From the mass conservation equation, one obtains:

\frac{\partial C}{\partial t} + \nabla J_{Darcy} = 0

(3)

\frac{\partial C}{\partial t} = \nabla ⌈ (\frac{k}{μ} (\nabla P - ρ_{f} φ eg)) C ⌉

(4)

This implies:

\frac{\partial C}{\partial t} = \frac{k}{μ} (Δ P - φ eg \nabla ρ_{f} - ρ_{f} φ e \nabla g) C + (\frac{k}{μ} (\nabla P - ρ_{f} φ eg)) \nabla C

(5)

Since the density of the penetrating fluid (in this case, water), as well as gravity g, are constants, ∇ρ_f = 0 and ∇g = 0, so equation (5) simplifies as follows:

\frac{\partial C}{\partial t} = \frac{k}{μ} [C Δ P + \nabla P \nabla C - ρ_{f} φ eg \nabla C]

(6)

Substituting the water content w for the concentration C ( $C = ρ_{m} w$ ), where $ρ_{m}$ is the dry density of the foam, the equation (6) yields the following expression;

\frac{\partial w}{\partial t} = \frac{k}{μ} [w Δ P + \nabla P \nabla w - ρ_{f} φ eg \nabla w]

(7)

In equation (7), the evolution of the water content is a function of the pressure within the foam.
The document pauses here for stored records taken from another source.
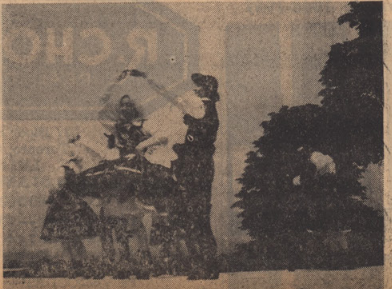
VISOKI REJ (ZILJA)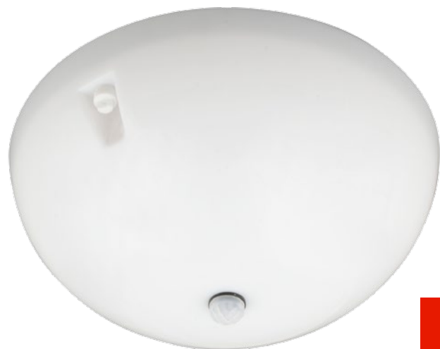
ULW-K20B / ULW-K20D с датчиком движения

Светильники светодиодные влагозащищенные антивандальные серии ULW-K20 предназначены для внутреннего освещения помещений ЖКХ, общественных и административных зданий и сооружений, вспомогательных помещений жилых домов (подъездов, холлов, подвалов и т. п.), подсобных и складских помещений, коридоров, входных групп и лестничных пролётов. Изготавливаются в исполнении УХЛ 1.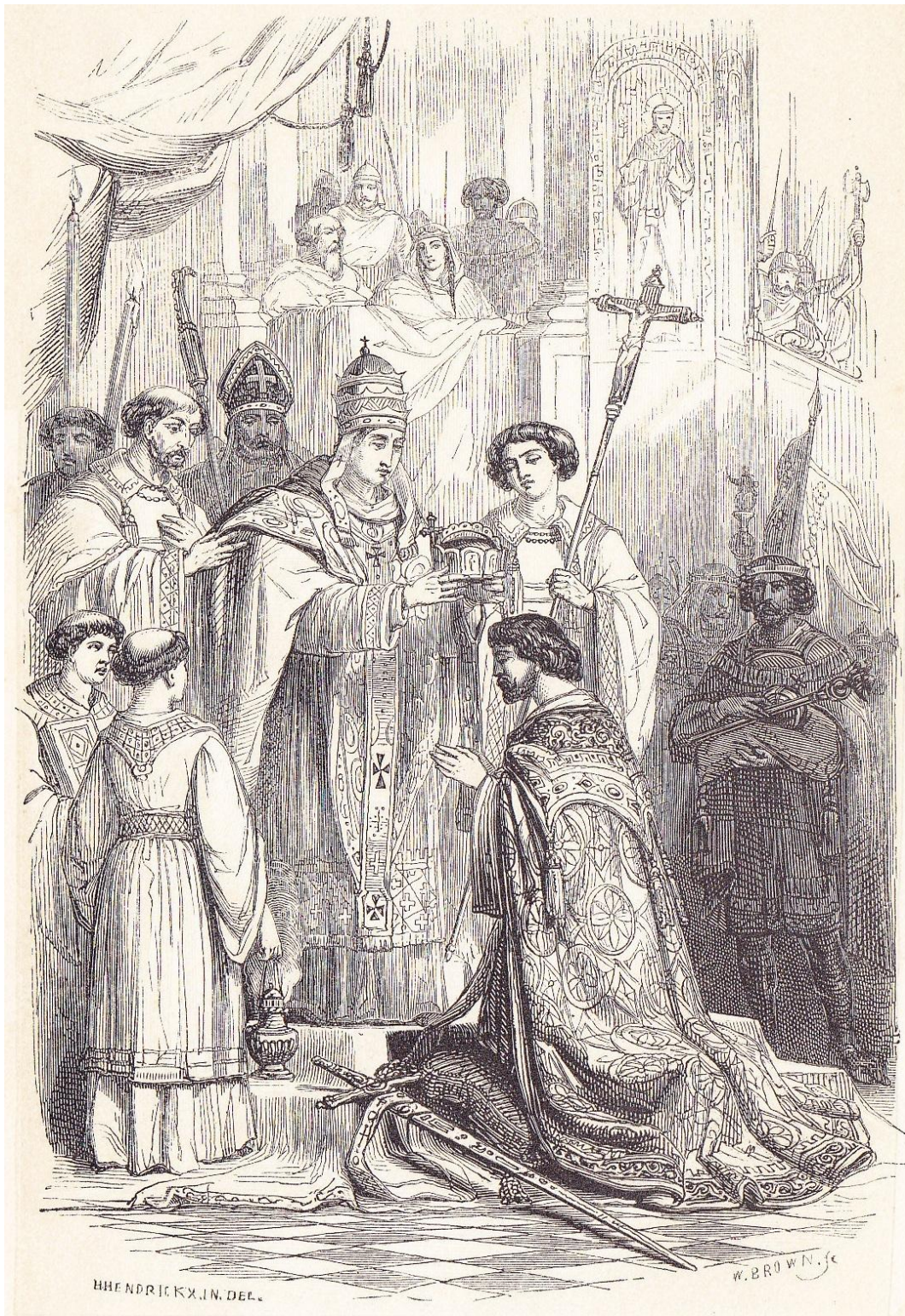
Couronnement de Charlemagne.

“ Couronnement de Charlemagne ”, In Th. JUSTE , Histoire de Charlemagne (1846)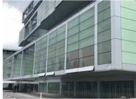
Дигитализацията е необходимост и неизбежна на развитието на новото време“

е нещо, което във FIEC е един от приоритетите и моето желание е да стане приоритет и в България, а защо не и във всички държави от ЦИЕ. Във FIEC има специално създадена група – Construction 4.0., която се занимава с проблемите и въвеждането на дигитализацията“, допълни инж. Качамаков и посочи, че за него е важно да се информира за нивото на дигитализацията във всичките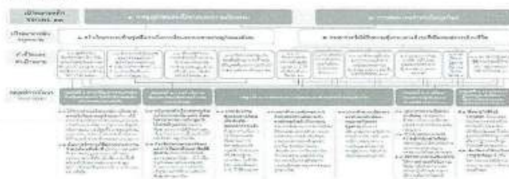
๓. แผนที่กลยุทธ์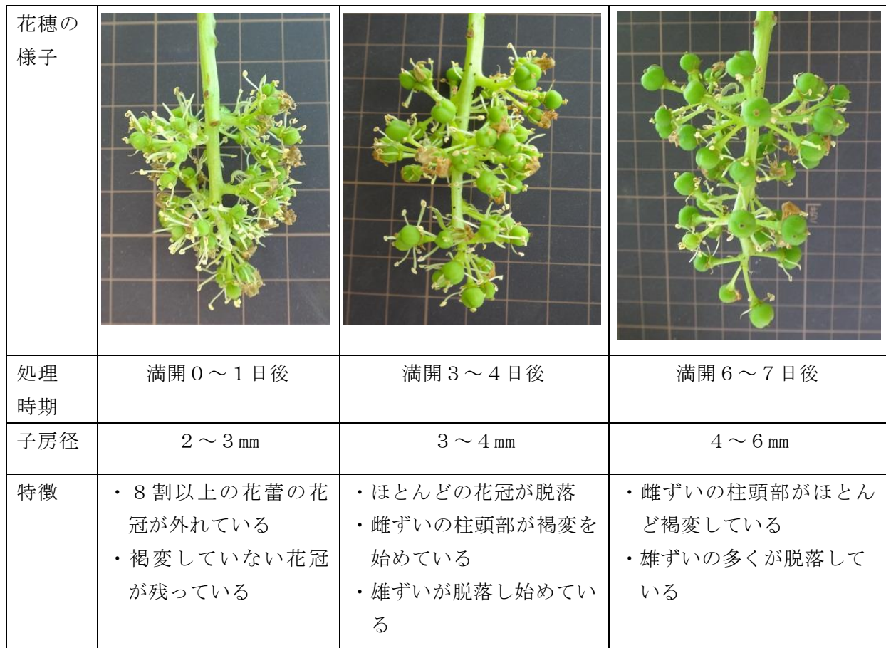
図1 「ピオーネ」の満開期一回処理における処理時期ごとの花穂の外観

y Tukey-Kramer法（無核化率はアークサイン変換後）により、**は1%水準で同列内の異符号間に有意差あり、nsは5%水準で有意差なし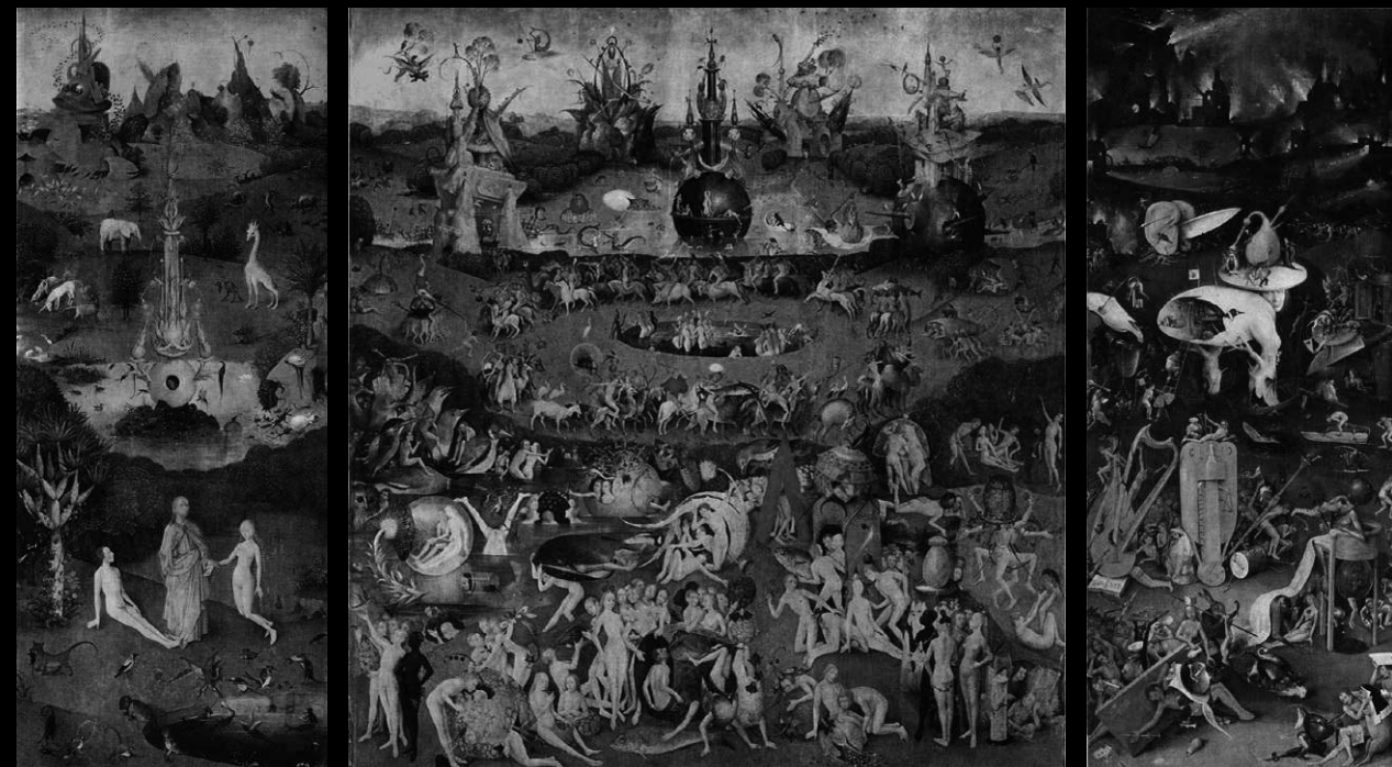
La obra maestra de El Bosco: Tríptico, El jardín de las delicias. (Museo del Prado, Madrid).

“En Alemania el arte gótico tardío comenzó a reflejar el nuevo espíritu de la Italia renacentista. Pero mientras que el arte italiano está preñado de luz y sol, el arte alemán de estos tiempos es oscuro, su tema sombrío, y su estilo, grotesco. Este arte está suspendido entre dos mundos. Tiene un carácter transitorio porque es hijo de una época de transición entre feudalismo y capitalismo.”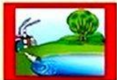
МЕСТА СБРОСА СТОЧНЫХ ВОД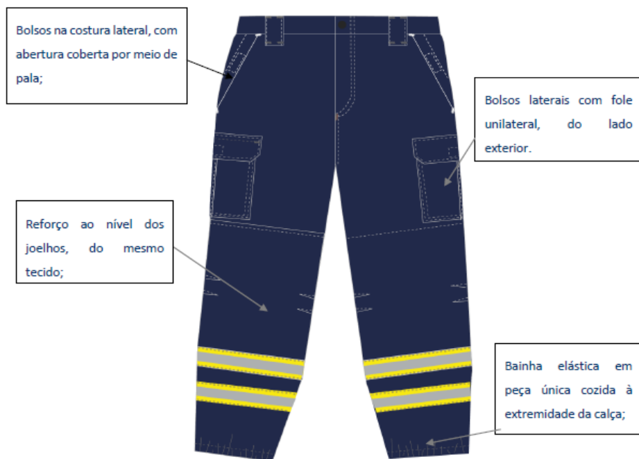
Figura 3: Calça – frente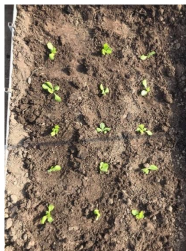
Slika 17. Salata navodnjavana ručno, razmak unutar reda 25 cm (Kapular, K., 2020.)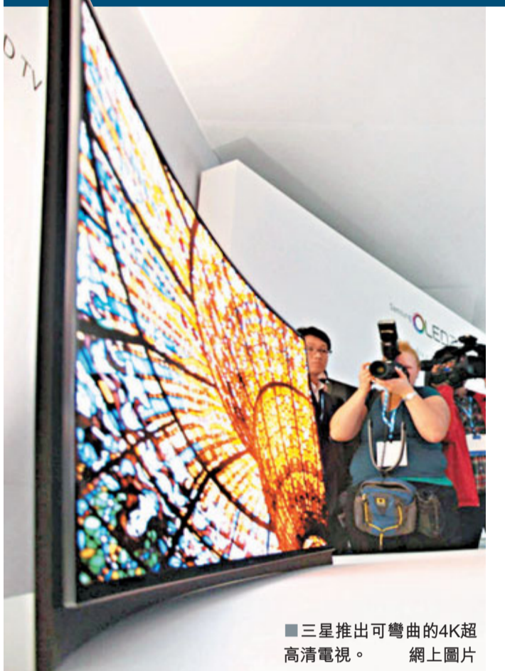
三星推出可彎曲的4K超高清電視。

買電視買高畫質？Out了，2013年注定是4K超高清電視的時代！正在拉斯維加斯舉行的2013年國際消費電子展（CES）中，索尼、Panasonic、聲寶、三星及LG等大廠紛紛端出最尖端的4K電視，以超清晰的影像震撼眼球之餘，還要用超高售價吸乾消費者荷包！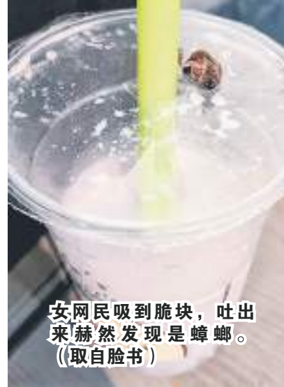
▲网民吸到脆块，吐出来赫然发现是蟑螂。

女子称喝豆浆时咬到脆块，吐出来时赫然发现是蟑螂。Mr Bean致歉，并表示正进行内部调查。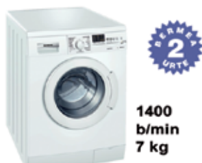
A++ Saikapen energetikoa GARBIGAILUA WM14E470EE 420 € SIEMENS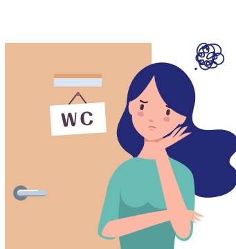
排尿後すっきりしない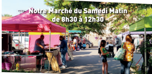
Notre Marché du Samedi Matin de 8h30 à 12h30

Téléphone : 03.21.74.08.13 mail : accueil@meurchin.fr Lundi: 13h à 17h Mardi, mercredi, jeudi et vendredi : 8h à 12h et 13h à 17h Samedi : 10h à 12h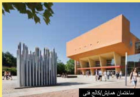
ساختمان همایش/کالج فنی

In this case, at any given moment in time, it is necessary to determine the pressure, which is referred to as the hydrostatic pressure. This represents the sum of two distinct contributions: the hygroscopic pressure Pi, which is due to hygroscopic loading, and the external pressure P_ext, which is due to external mechanical loading applied at the foam boundary. Equation (7) indicates that diffusion is coupled to the mechanical state. This is due to the introduction of Darcy’s law (3) into the diffusion equation (4), which then becomes a function of the pressure gradient. In the transient state, the pressure gradient incorporates the contribution of differential swelling in the foam thickness. As the foam approaches saturation (steady state), this contribution tends to disappear.

Determination of pressure P

As previously stated, the pressure P to be determined is simply the hydrostatic pressure, which represents the sum of the hygroscopic pressure Pi, due to the hygroscopic loading and the external pressure P_ext, due to the external mechanical loading applied to the foam boundary. These two loads induce internal stresses. Under the assumption that the foam under study is isotropic and obeys an elastic behavior, its hygro-elastic behavior law can be expressed as follows:

σ_{ij} = \frac{E}{(1 + ν) (1 - ν)} ε_{kk} δ_{ij} + \frac{E}{(1 + ν)} ε_{ij}^{tot} + \frac{E β Δ w}{1 - 2 ν} δ_{ij}

(8)

In equation (8), the variable βrepresents the hygroscopic expansion coefficient of the foam. The symbols $E, ν$ represent, respectively, the Young’s modulus and the Poisson’s ratio of the foam. On the other hand, $ε_{i j,} ε_{i j}^{t o t}$ are respectively the trace of the strain tensor and the total strain, which are expressed by the relations below?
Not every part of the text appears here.